Fraïsse was a member of the Board of Directors from 1998 to 2002, and then of the Council of Studies and University Life from 2002 to 2006. She is a member of the Campus Commission, for which she was the rapporteur between 2000 and 2006. Fraïsse was head of the Literature, Arts, Philosophy and Linguistics Department from 2002 to 2008, and was elected president of UPVM in 2008.

During her first presidential term (2008–2012), she co-piloted the Opération Campus project, with the two other universities of Montpellier.
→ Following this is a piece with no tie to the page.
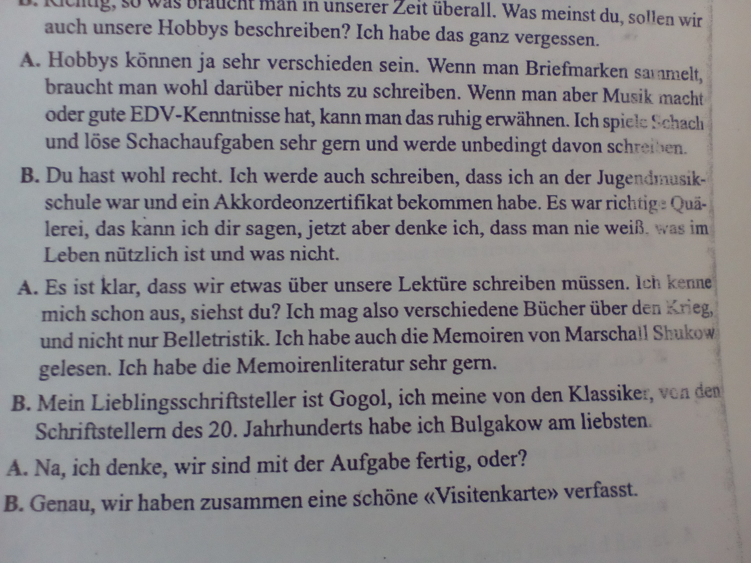 А. понятно, что мы должны что-то написать о нашей книге. я уже разбираюсь в этой теме, видишь? Мне, к примеру, нравятся различные книги о войне, а не только беллетристика. я также читал мемуары маршала Жукова. Мне очень нравятся мемуары.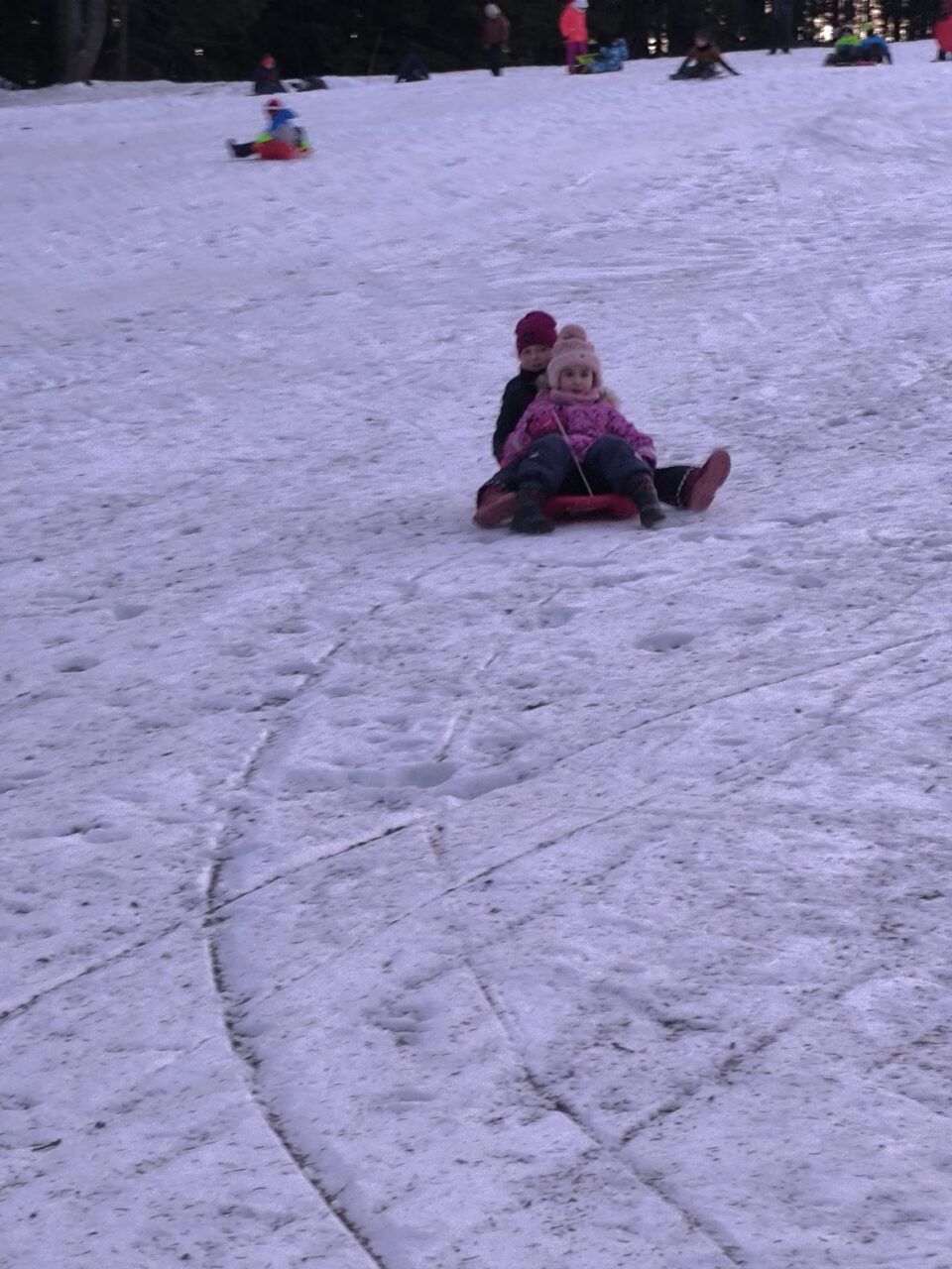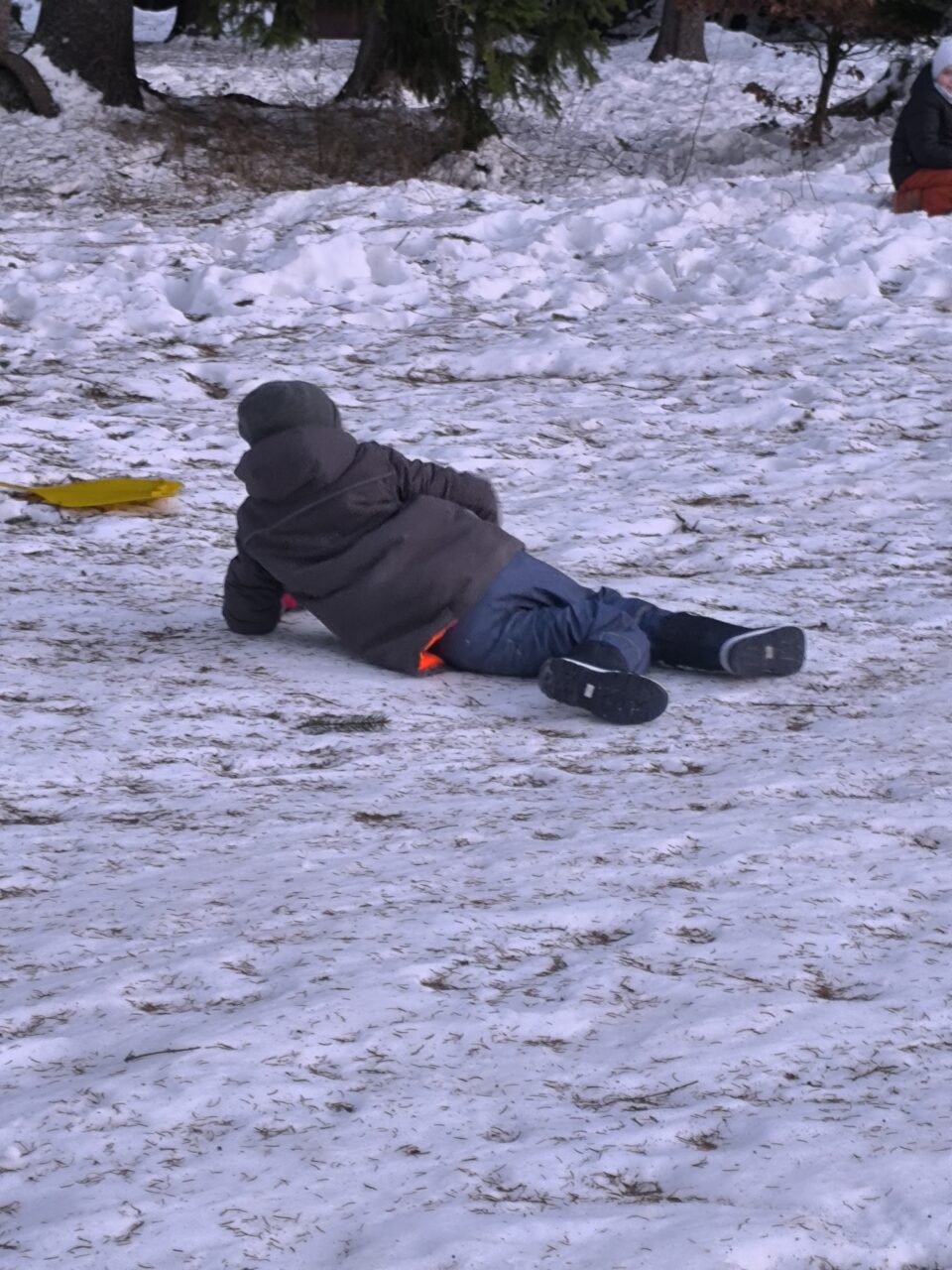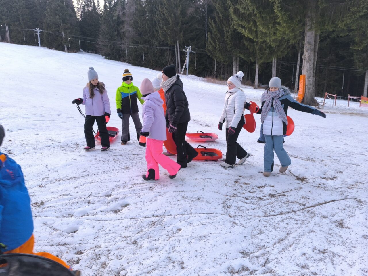 Po roce jsme se opět vypravili na zimní ozdravný pobyt do Kořenova. Po dvouhodinové cestě vlakem nás přivítal zasněžený Kořenov. Cíl naší cesty byl opět hotel Lesní chata. Po ubytování na pokojích jsme si vychutnali dobrý oběd a po odpoledním klidu si šli užít ven místní sněhovou nadílku. Sníh je tu na povrchu hodně zmrzlý a jízda na bobech byla tedy velmi rychlá a občas některé pády dost bolely. Nejlepší bylo běhání do kopce a následné válení sudů dolů. Seznámili jsme se také s lyžařskými instruktory, kteří nám přivezli lyžařkou výbavu, abychom hned zítra ráno mohli vyrazit na svah.

Fraïsse is opposed to the LRU.

As president of the university, she participated in the project to merge the three Montpellier universities. Believing that the Humanities and Social science were not sufficiently represented in the project, she left the negotiations during her second term (2012–2016). preferring collegial solutions like the COMUE. She expressed opposition to the government's university policy and to the reduction in state subsidies.

Fraïsse was re-elected for a third time, which began on January 1, 2021.